If you could give a scheme-level source code example that shows a problem with this then it would provide some good insight into what is going on. Is that possible?

But just leaving the discussion at the level of C source code observations, I'm going to first clarify some of your terminology to help other readers.

The gc_mark does not mark something for garbage collection, it marks something to be preserved so that it will not be garbage collected in the sweep phase of the mark and sweep garbage collector.

SIOD has two garbage collectors built into it, you can choose one at runtime, and that can cause some confusion. One is stop and copy, the default is mark and sweep.

The looks_pointerp function the key part of the conservative garbage collection algorithm. You can google that phrase to good effect.

Now back to the subject of uninitialized LISP pointers on the stack. Indeed this might be random data.
You would also have a problem with long and double and struct and other values on the stack.
There might also be saved stack pointers, function call frame pointers, saved registers and all manner of junk on the stack. In fact a double might just look like a pointer into one of the heaps and could return true for looks_pointerp. The negative impact of this would be that an object in the heap which was supposed to be garbage collected by the sweep phase ends up being preserved even though no C code has a legitimate pointer to it.

Therefore, even if you carefully set LISP x = NULL; inside your C code you could still be subject to the bug you observe.

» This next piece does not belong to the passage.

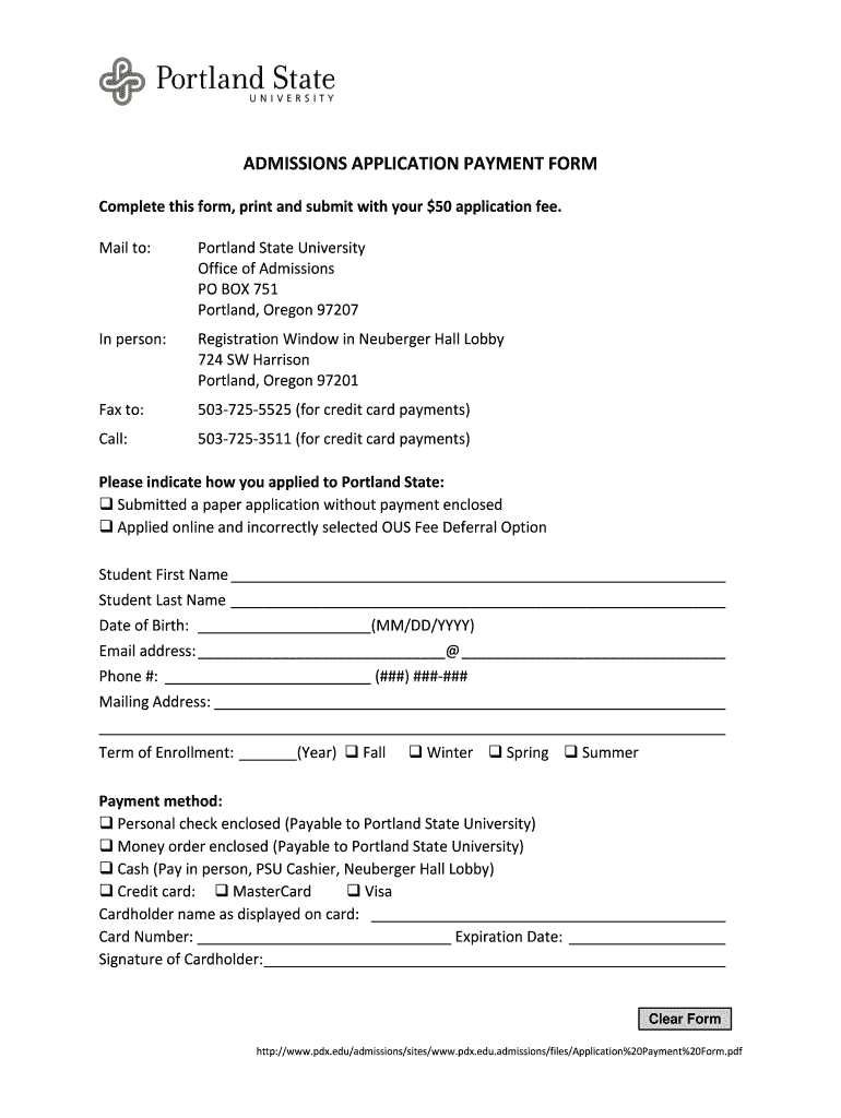 Any student applying to Portland State University is eligible to use the Admissions Application Payment Form to submit their application fee.

The key to anything dangerous (as contrasted with simply being conservative about the mark phase)
would be the behavior of get_user_type_hooks. That function cannot return any random pointers to functions, it can only return something that was previously set by set_gc_hooks.
And for that matter, the object in the heap must have been previously a legit object of the
particular type, and not previously marked or swept. The heap itself, unlike the stack,
is carefully managed. It doesn't even have binary objects in it (except for inline double floats), the pointers to strings or FILE * or other data are points back into regular C runtime library managed space.

Note that looks_pointerp also checks for the alignment of the pointer, so that it rejects pointers
that are not aligned correctly in the heap to the start of an object.

If I was going to code this today I might even be more careful, and make sure that everything
was an array index, not a pointer. So a LISP object might be broken up into two integers, a heap number and an index into the heap. The additional work this would require the CPU to do is probably
nothing to worry about in the CPU architectures of today. One might even store the CAR in one array
and the CDR in another array. Shades of the original FORTRAN implementation of LISP.

zeehio wrote Feb 3, 2014 at 12:04 AM

First of all, thank you very much for your attention, your corrections to my comments and your clarifications. They are very much appreciated.

I don't know if it is possible from an scheme code to get some uninitialized variable in the stack. I am not that familiar with it, but if I find how to do it, I will post it here.

Thanks to your comments I understand the "conservative" aspect of the garbage collector, and I agree with you that some of the objects may be preserved although they could be garbage collected. In any case this is not a serious issue.

The part of the code that I was most worried about is:
default:
  p = get_user_type_hooks(TYPE(ptr));
  if (p->gc_mark)
       ptr = (*p->gc_mark)(ptr);}}

If ptr is uninitialized in the gc_mark function we can fall to the default case. In this case, ptr may be wrongly matched of being of a custom type, and then p will have a (controlled) gc_mark associated function.

I believe that we agree that (*p->gc_mark) will have the gc_mark function for a custom user type, and that function will have been properly set. However, its argument (ptr) will be a pointer to random data in the stack.

Here I want to explain a case that may lead to arbitrary code execution. Let's say that I want to add a SIOD interface to my application. In order to do that I do the following things:
  1. I define a custom new scheme type (to store objects with custom information related to my application).
  2. My custom scheme type contains a pointer to a function, so different LISP objects of my custom type may point to different functions. This is an apparently safe requisite of my application.
  3. I set the gc_hooks for my custom scheme type. My gc_mark function calls the function pointer stored in my custom object to know if it can or cannot be marked for garbage_collection.
If I am unaware of the issue I was mentioning in my previous post, I might assume that my gc_mark function will always have as an argument LISP objects of my custom scheme type.

Calling my gc_mark function with an arbitrary pointer as an argument will make the my program use a garbage value as the address of a function. This may call an arbitrary function leading to arbitrary code execution.

Maybe this chance is too remote to be considered, I don't think I could even write a proof of concept (unfortunately I am not that good...), or at least it would take a while for me to do it... but still I would advice in the documentation that the gc_mark function should be prepared to receive a random data pointer.